The Comedy Sequel and Reboot Tolerability Scale
It seems like there’s an announcement about a new sequel or remake every day, with pretty much every successful movie you can think of at one point being developed as a potential franchise. In just the past two weeks alone, news about sequels to Mrs. Doubtfire and Goonies and reboots of Police Academy and Gremlins has hit the internet. With comedy, sequels and reboots are especially tricky, and you can count the number of good ones on one hand, but that doesn’t stop studios from buying them in bulk.
Since updates about sequels and reboots to beloved (and non-beloved) comedies trickling in nonstop, it can be hard to keep track of all of them.
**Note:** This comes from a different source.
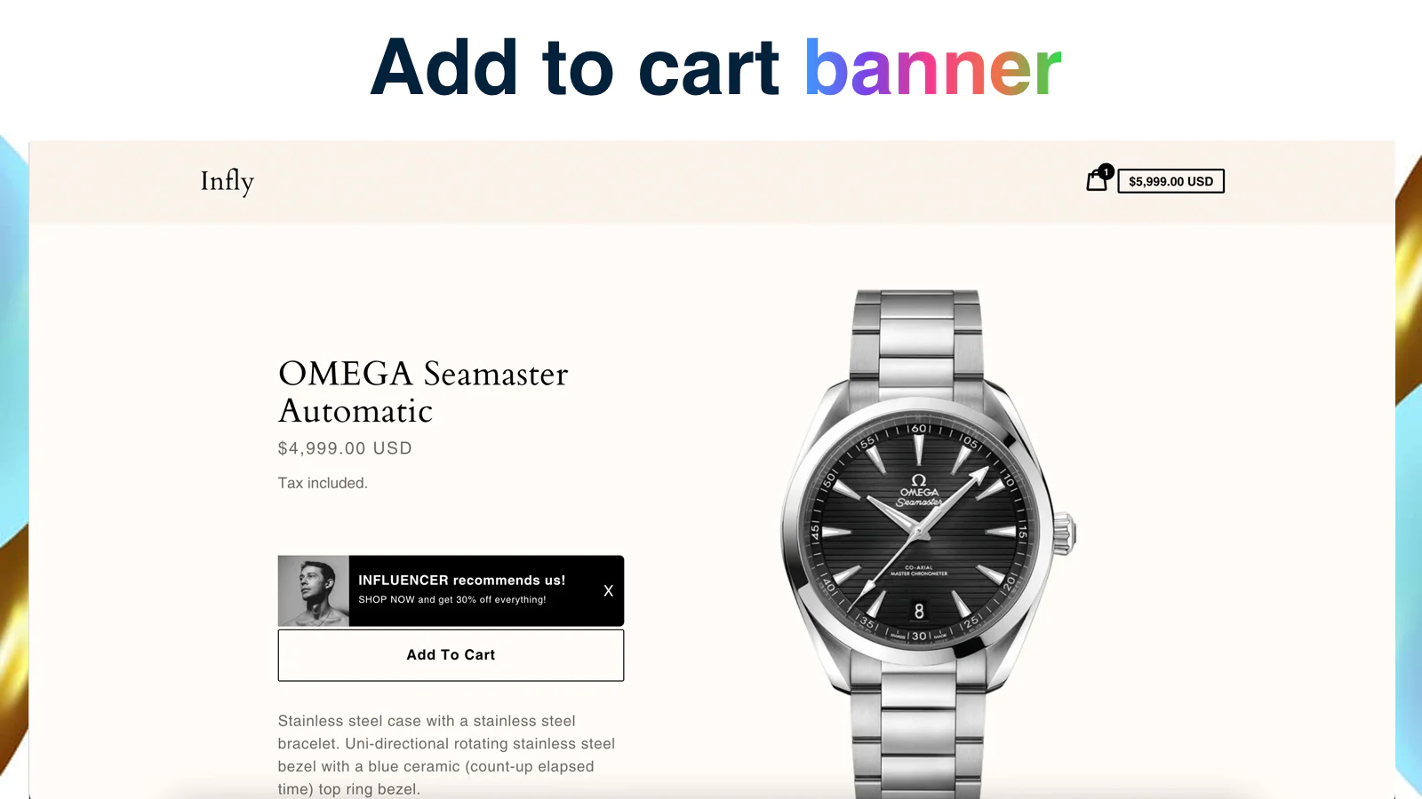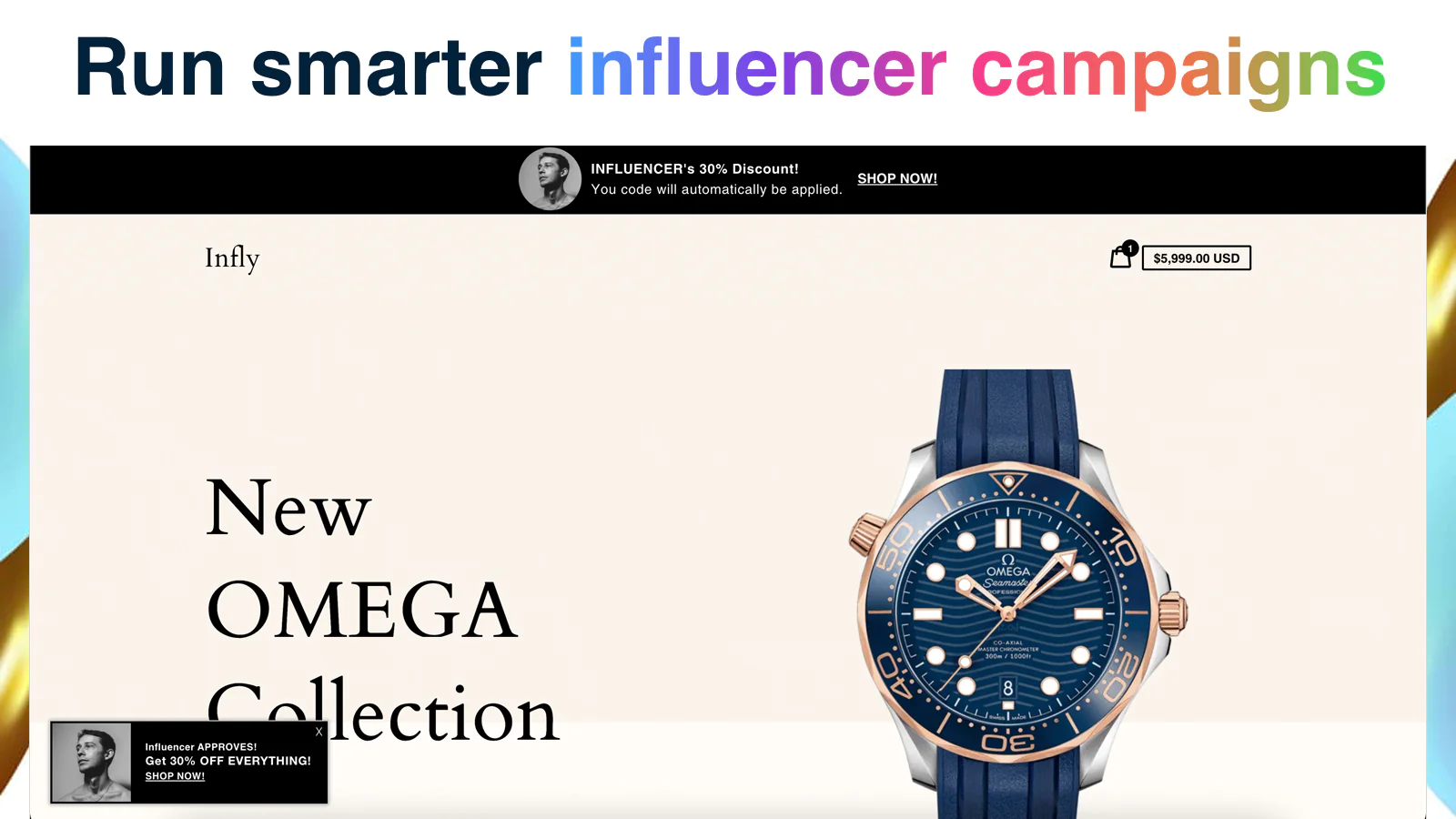 Take your marketing to the next level. We all see sponsored posts, either on Facebook, Instagram or Google ads, etc... to get the products out there. Well with Infly you can create special banners dedicated to a link, that link can be dedicated to an influencer or even a bundle of influencers in a 'club' or for any special sale like Black Friday or Cyber Monday, the custom link will open your store, with banners specifically designed for that influencer, event, sale or anything else you can think of.

We gathered them all up for our Comedy Sequel and Reboot Tolerability Scale, ranking everything in the categorizes Good Ideas, Sure Why Not?, If You Must, Don’t Do That, and Nightmares:
While there haven’t been very many good comedy sequels in the past, there are a surprising number of promising ones in development or, in the cases of 22 Jump Street and Pitch Perfect 2, ones that have already been filmed/are filming now. Most of the below sequels are retaining the creative teams from their original movie, an essential move for a strong sequel. Follow-ups to MacGruber, 21 Jump Street, Alan Partridge: Alpha Papa, and Wet Hot American Summer are in the trusted hands of the people that made the originals good in the first place, which is always nice to see.
22 Jump Street
Another Alan Partridge movie
The Lego Movie 2
Pitch Perfect 2
A Wet Hot American Summer sequel or prequel
Sure, Why Not?
The stakes are low for the below sequels, as most of them don’t come from beloved properties that are sure to incite internet outrage if they’re mistreated, unlike, say, Ghostbusters or Star Wars. In the case of the Key & Peele-produced Police Academy reboot, and Tom Lennon and Ben Garant’s comedic big-screen take on cheesy ’90s lifeguard soap Baywatch, the remakes could actually end up being more popular than the original. Gremlins and Weird Science are good films to remake as they don’t quite have the devoted fanbase that a lot of other movies from that era have and don’t contain any iconic performances that would be hard to replicate.
If You Must
Either sequels to well-liked comedies that could go either way (Dumb and Dumber To, a Jason Sudeikis-led Fletch reboot) or obligatory, uninspired sequels to anything recent that makes over $100 million at the box office (Ride Along 2, We’re the Millers 2), the movies in this category are in the middle of the sequel spectrum. Sure, Bad Teacher, Horrible Bosses, and We’re the Millers were hits, proving to be surprisingly popular, but is anyone clamoring for another one?
Don’t Do That
If it’s been over a decade since the last movie in a franchise, a sequel probably isn’t a good idea, especially if it’s a movie or series that’s well-liked. These are sequels to popular ’80s/’90s comedies should probably just be left alone, especially in the case of the Vacation and Naked Gun reboots, which will both be replacing the original star with a new actor —usually a dodgy prospect. Sequels to most of these older movies have been in development for years (on and off since the mid ’90s in Beverly Hills Cop IV‘s case), meaning that they’ve likely hit various snags and problems already, which doesn’t exactly bode well.
Long-gestating Ghostbusters III is the only movie in this section that’s not a big-screen reboot of a cheesy outdated TV show or movie that the public has lost interest in. Bill Murray-less Ghostbusters III‘s prospects became extra shaky this year as the studio announced plans to push ahead with the project in the wake of original star/co-writer Harold Ramis’s death, original director Ivan Reitman stepped down, and reboot/adaptation wunderkinds Phil Lord and Chris Miller turned down the job. Ghostbusters should be left in the past out of respect for the original, and ALF, Gilligan’s Island, Twins, and Ernest should be left in the past because it doesn’t make much sense to bring them back.